#### WHAT TO PRODUCE:
Given the material below, output exactly the lines from the line with "电站下水库大坝沥青混凝土面板摊铺" to the line with "وخرجت المعتزلة مع", both ends included, and no other lines.

#### WORKING DATA:
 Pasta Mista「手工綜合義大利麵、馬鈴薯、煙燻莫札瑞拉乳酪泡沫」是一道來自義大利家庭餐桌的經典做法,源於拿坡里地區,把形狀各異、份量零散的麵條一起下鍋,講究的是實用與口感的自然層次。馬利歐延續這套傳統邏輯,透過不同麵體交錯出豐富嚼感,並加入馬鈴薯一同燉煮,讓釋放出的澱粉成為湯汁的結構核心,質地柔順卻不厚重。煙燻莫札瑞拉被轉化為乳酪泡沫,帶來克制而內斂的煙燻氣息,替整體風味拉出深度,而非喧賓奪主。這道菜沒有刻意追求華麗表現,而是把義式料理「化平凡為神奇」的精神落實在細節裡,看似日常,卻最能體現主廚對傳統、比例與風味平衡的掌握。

* * *

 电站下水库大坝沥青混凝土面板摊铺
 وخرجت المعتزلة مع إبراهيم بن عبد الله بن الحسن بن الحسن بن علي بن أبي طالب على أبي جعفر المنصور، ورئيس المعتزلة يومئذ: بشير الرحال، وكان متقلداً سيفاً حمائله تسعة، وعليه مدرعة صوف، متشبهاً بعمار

#### YOUR SOLUTION:
 电站下水库大坝沥青混凝土面板摊铺
 وخرجت المعتزلة مع إبراهيم بن عبد الله بن الحسن بن الحسن بن علي بن أبي طالب على أبي جعفر المنصور، ورئيس المعتزلة يومئذ: بشير الرحال، وكان متقلداً سيفاً حمائله تسعة، وعليه مدرعة صوف، متشبهاً بعمار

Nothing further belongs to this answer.